Après cette première audience, si le mineur est déclaré coupable, viennent six à neuf mois de suivi éducatif devant lui permettre d’intégrer sa culpabilité et de comprendre la portée de ses actes et devant surtout permettre de prendre des mesures évitant toute réitération. C’est alors qu’interviendra une seconde audience, qui décidera de la sanction, en tenant compte du comportement et de l’implication de l’adolescent durant son parcours éducatif.

Nous ne pouvons que saluer cette volonté d’aller plus vite, monsieur le garde des sceaux. J’appelle cependant votre attention sur l’importance de donner à notre justice les moyens de vos ambitions ; je dirais même de nos ambitions ! En l’état actuel, il est à craindre que ces délais ne puissent pas être respectés, tout comme ils ont du mal à être tenus aujourd’hui.

Permettez-moi de prendre ici un exemple très concret : en vertu du troisième alinéa de l’article 12 de la loi du 27 mars 2012 de programmation relative à l’exécution des peines, les services de la protection judiciaire de la jeunesse sont tenus de prendre en charge le mineur ayant fait l’objet d’une décision judiciaire au plus tard cinq jours après. L’intention est louable. En pratique, les services convoquent bien les mineurs dans ce délai, afin d’être en conformité avec la loi, mais c’est seulement pour lui fixer un rendez-vous ultérieur, souvent un mois après, faute de moyens. La réalité des cinq jours, c’est trente-cinq jours ! Là encore, il y a un problème de temporalité. Simplement, il est lié non pas à l’âge des protagonistes, mais plus sûrement, à mon avis, à leur nombre, que ce soit coté mineurs ou côté PJJ.

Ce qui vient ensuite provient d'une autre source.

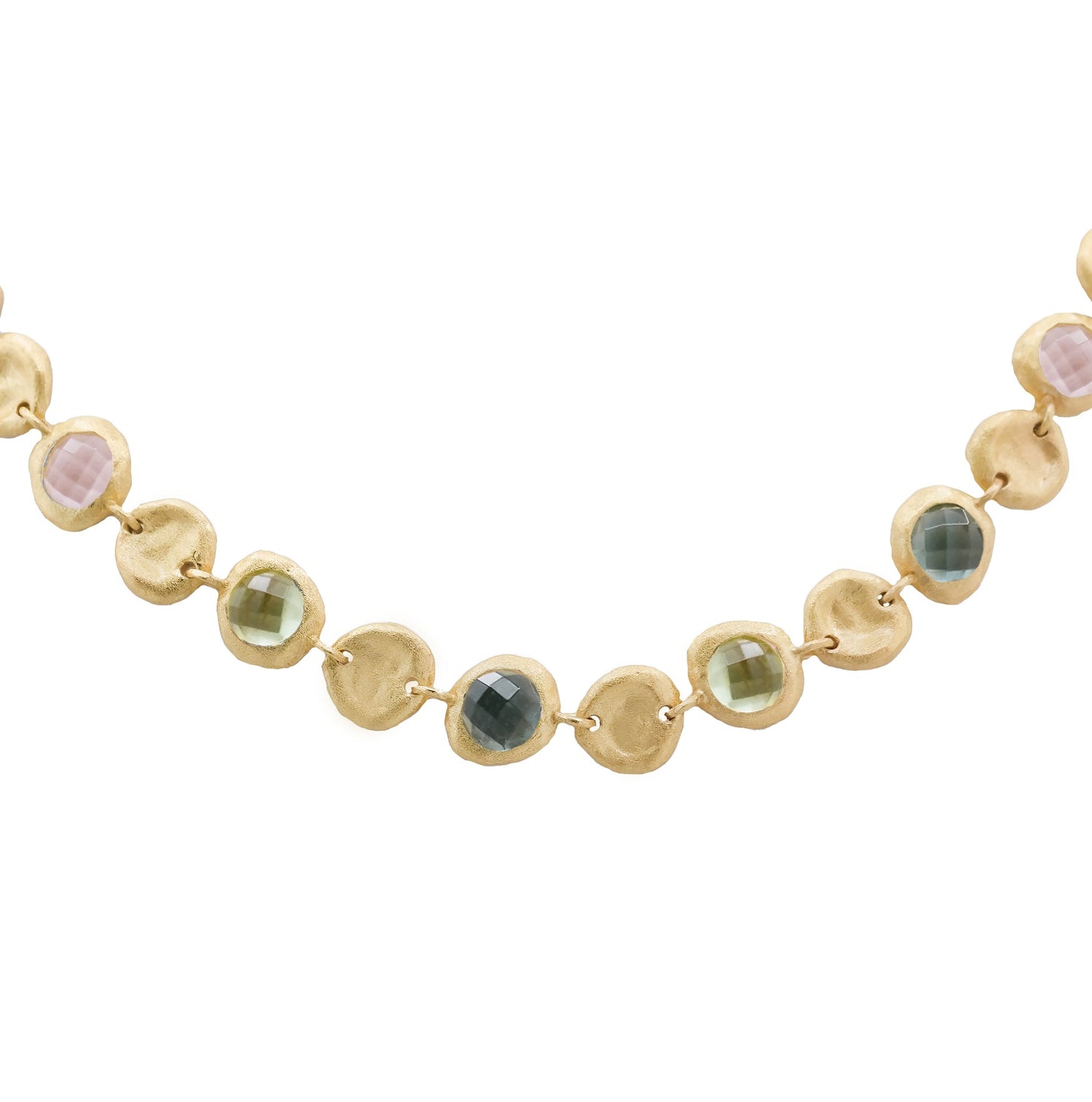 18k gold plated over brass with natural semi-precious stones. Necklace measures 18 inches. Handmade in Brazil.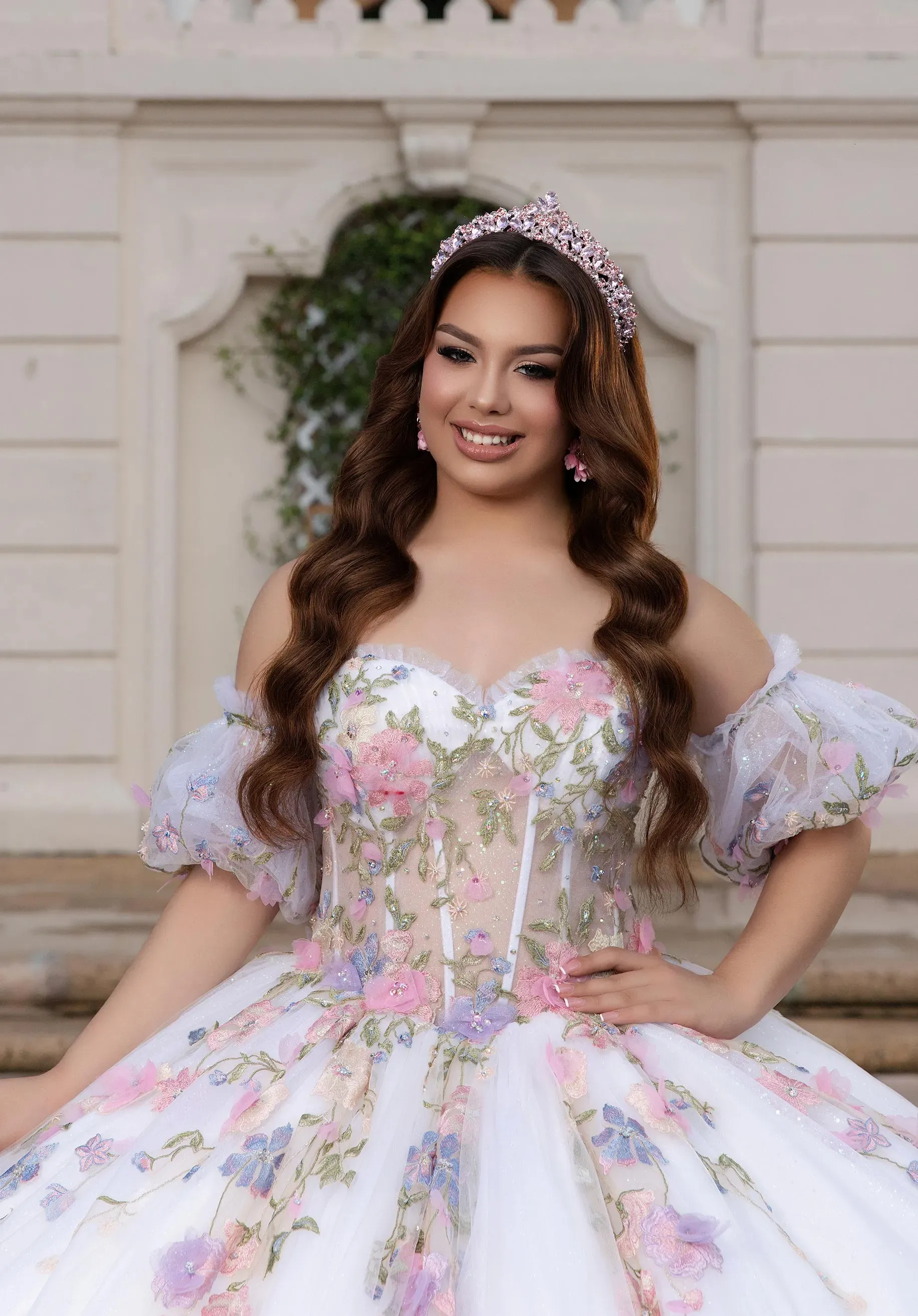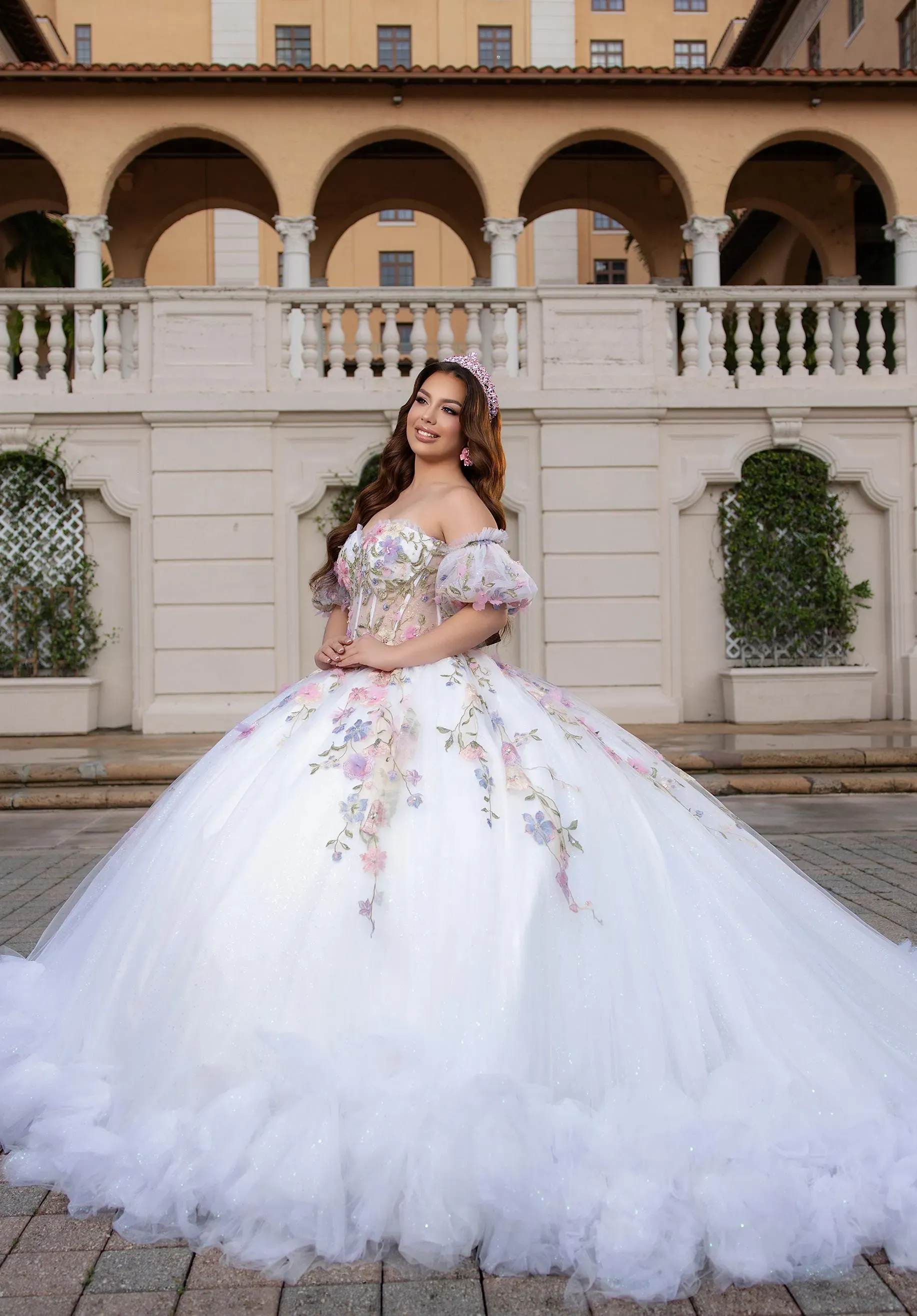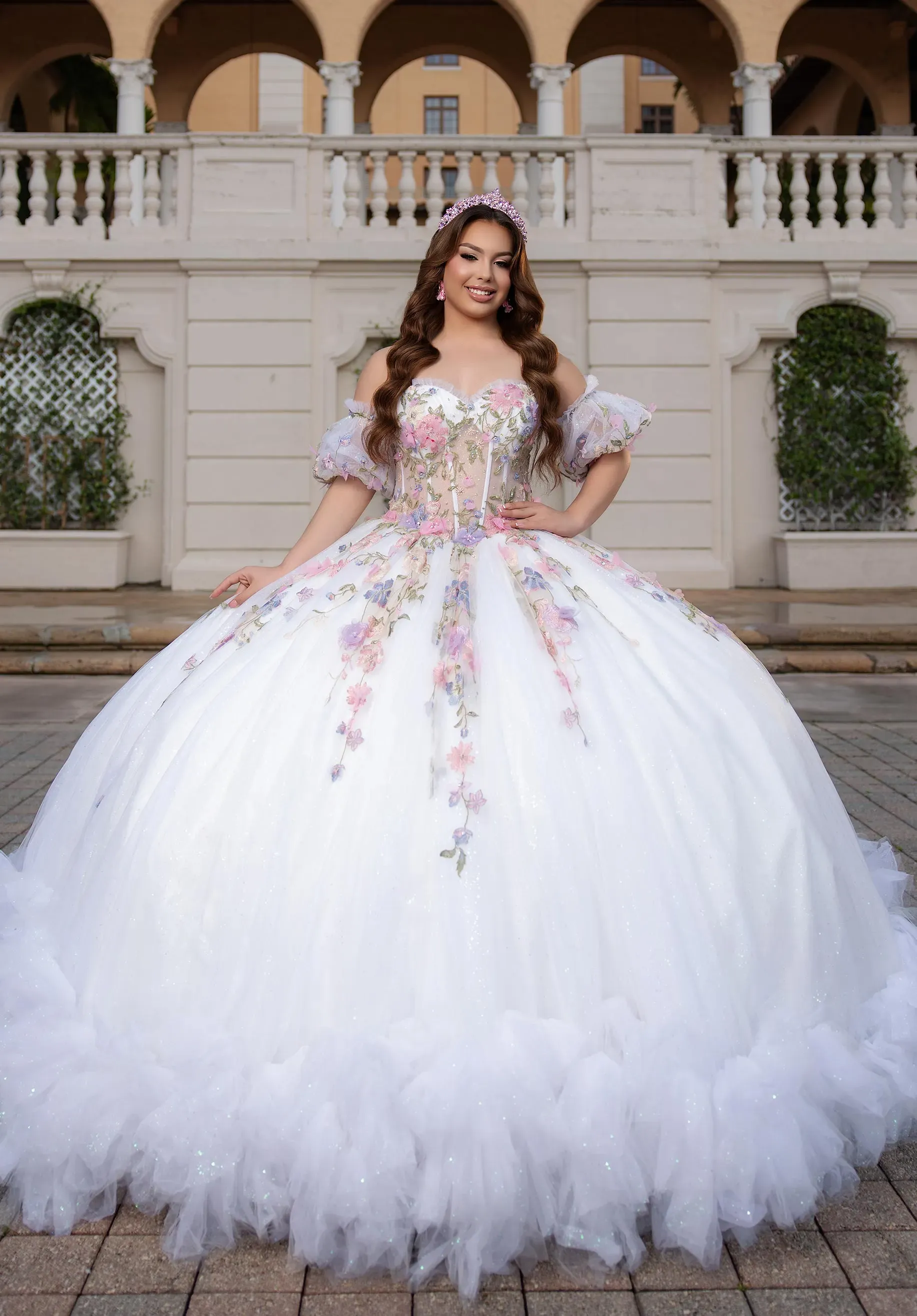 Whimsical quinceañera ball gown has a sheer corset bodice with a sweetheart neckline featuring frilled ruffle trim. Multicolor floral appliqués float down the full tulle dress, with its basque waist, textured ruffle hem, and detachable pouf sleeves that add to the fairytale feel. Matching stole included.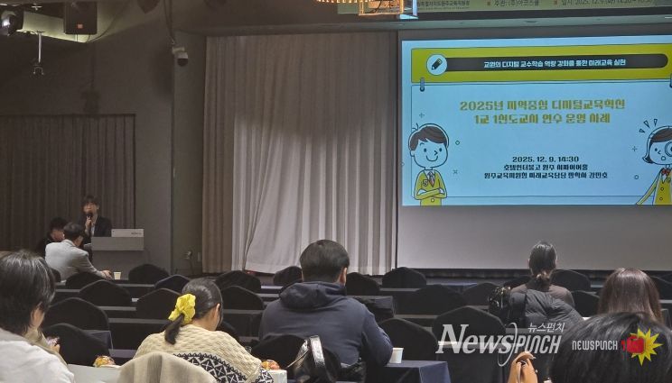 뉴스펀치 김길룡 기자 | 원주교육지원청은 12월 9일 호텔인터불고 원주에서 ‘2025년 지역중심 디지털 교육혁신 1교 1선도교사 연수 성과 나눔회’를 개최했다.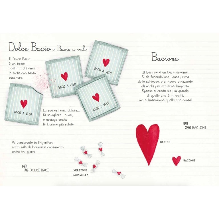 Segui Felice mentre fa l’inventario del suo dolce negozio di baci in barattolo! Nel raffinato cofanetto, impreziosito dalle romantiche illustrazioni ispirate all’albo bestseller La Baceria di Felice di Cristiana Soriano troverai un libro che raccoglie tutti i baci del negozio (e tanti altri) e un set di 30 cartoline.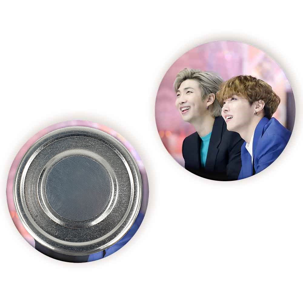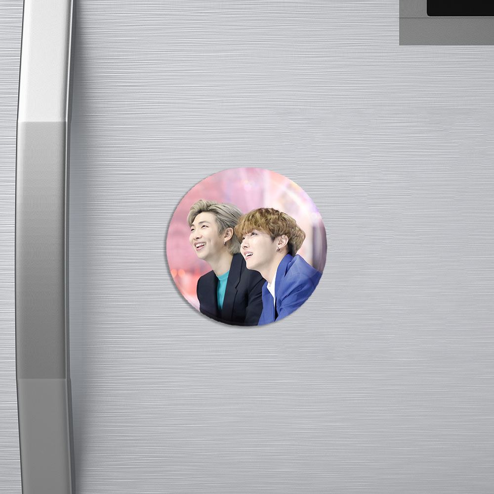 مگنت گروه بی تی اس BTS خندالو با روکش سلفون مات مخملی ضدخش و قطعه پشتی فلزی تولید شده است که آهنربای اتمی بکار برده شده در محصول، بصورت مخفی تعبیه شده ودیده نمی شود. ضمن اینکه گیرایی بسیار بالایی داشته و به هیچ عنوان از روی یخچال نمی افتد.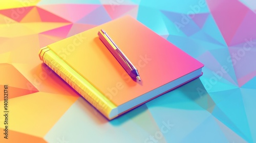 Vibrant notebook and pen resting on a colorful geometric surface.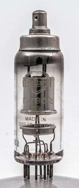 The lower screen connects to pin one as can be seen in the foreground of the image. The oxide coated cathode tube is central in the anode bell.The thin glass tube envelope is 22 mm in diameter and, excluding the B9A base pins, is 65 mm tall.Reference: Data-sheet. Type DY802 was first introduced in 1965. See also 1965 adverts. |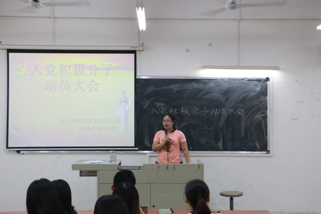 2016年10月9日晚上19时30分,广东财经大学华商bv伟德国际1946学生第四党支部入党积极分子动员大会在厚德楼C405如期举行,出席本次会议的有学生第四党支部支委和第四党支部第59期入党积极分子,这次大会为学生第四党支部注入了新的血液与活力,使党支部变得更有活力与动力,提高了大家的工作积极性。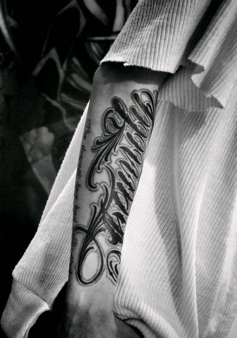 当前位置: 首页 >广东省广州市纹身店-ReAL-TATTOO(番禺店)纹身图案>family花体纹身图片_手臂花体字纹身图案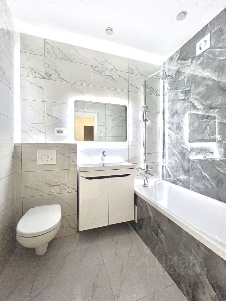 Санузел в современной кафельной плитке, инсталяция, зеркало с подсветкой, акриловая ванна, хорошие смесители.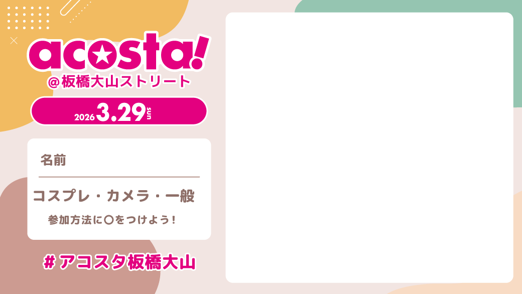 ブログでロケーションを詳しく見る@acosta_jp 2025年3月初開催!板橋大山ストリート撮影スポット紹介! 動画作成:星弥(@seiya549ha) まひる(@mahiru715) #アコスタ #acosta #アコスタ板橋大山 #コスプレ #コスプレイヤー #cosplay #coser #コスプレイベント #紹介 #板橋 ♬ オリジナル楽曲 – コスプレイベントacosta!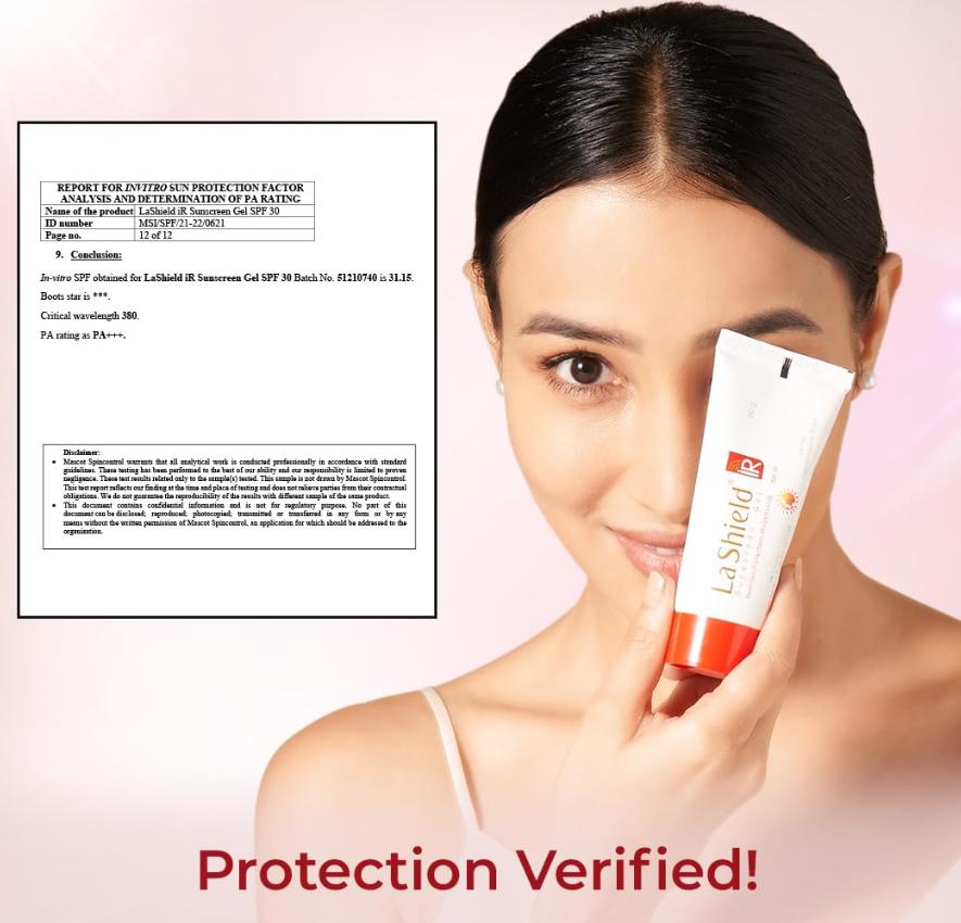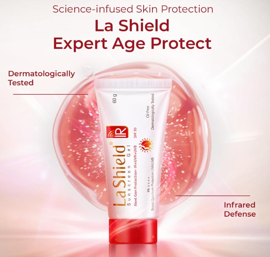 Солнцезащитный гель La Shield IR с SPF 30 и PA++++ . Это легкая формула нового поколения, специально созданная для людей, которые в основном проводят время в помещении.. Оптимально защищает кожу не только от ультрафиолета А (UVA) и ультрафиолет В (UVB) лучи, но и инфракрасные (инфракрасный) лучи, излучаемые экранами телевизоров, компьютеров, галогенными лампами и т. д.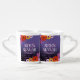 Nothing says "you complete me" or "your better/other half" than these floral-themed lovers' mugs, which feature elegant white lettering with lavender purple confetti and garlands of colorful African daisies on a violet purple to black background. Customize with the newlyweds' names and wedding date. Reverse shows identical design. Use as is, or modify as desired.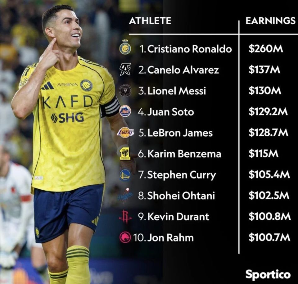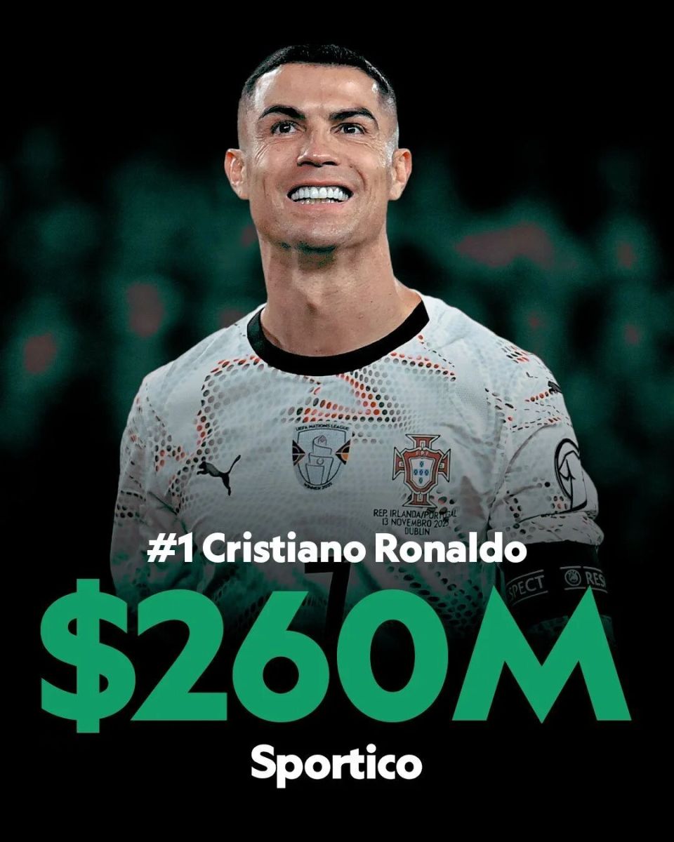 2026-01-16 12:10撰稿/寒冰 美国体育财经在线媒体Sportico近日公布了2025年度收入最高的100名运动员排行榜,在利雅得胜利税后年薪2亿+(美元,下同)的C罗去年总收入达2.6亿,连续3年排名榜首,是名副其实的运动圈“世界首富”。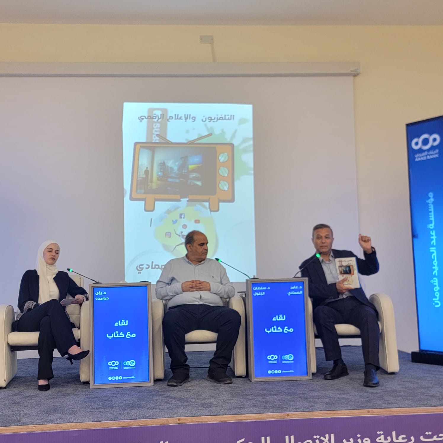 استضافت مؤسسة عبدالحميد شومان الاعلامي الدكتور عامر الصمادي ضمن اسبوعها الثقافي الذي تقيمه في محافظة عجلون يوم امس الجمعة في امسية ثقافية للحديث عن مؤلفه الاخير (اعلاميون في سماء الاردن ) بمشاركة الناقد الدكتور سلطان الزغول،

Lors d’une audition, notre collègue Maryse Carrère vous a interrogé sur les moyens de la PJJ et le besoin de renforcement par rapport à la réforme. Vous lui avez répondu qu’il n’y aurait pas plus de mineurs et que le travail de la PJJ ne serait pas très différent. C’est juste ! Mais les difficultés de la PJJ resteront également les mêmes, et ce sera tout aussi compliqué pour eux d’accompagner les mineurs et de les prendre en charge dans un temps court, chose qu’ils ont du mal à faire aujourd’hui, si vous ne les aidez pas.

Alors, monsieur le garde des sceaux, au regard de l’ambition de ce texte, ne partons pas du principe qu’une fois de plus « l’intendance suivra » ! Donnons à notre justice les moyens humains et matériels – je pense ici, vous vous en doutez bien, à l’informatique – pour s’assurer du succès de cette réforme.

Je ne reviendrai pas sur la présomption simple de non-discernement pour les mineurs de moins de 13 ans. Voilà qui nous met en conformité avec le droit international. Je salue tout de même à ce sujet le travail de notre rapporteure – vous l’avez fait vous-même, monsieur le garde des sceaux –, qui apporte quelques pistes permettant de définir le discernement, afin d’éviter que, selon la juridiction dont dépend le mineur, voire selon le juge auquel il est affecté, la disparité du concept ne soit trop forte.

Je voudrais en revanche revenir sur le juge des libertés et de la détention. Paris n’est pas la France. La France est maillée – pourvu que ça dure ! – de petits tribunaux ne disposant pas de pléthore de juges des libertés et de la détention. Vous indiquez que nous n’avons pas beaucoup de juges des enfants non plus ; je pense que nous en avons tout de même un peu plus que de juges des libertés et de la détention.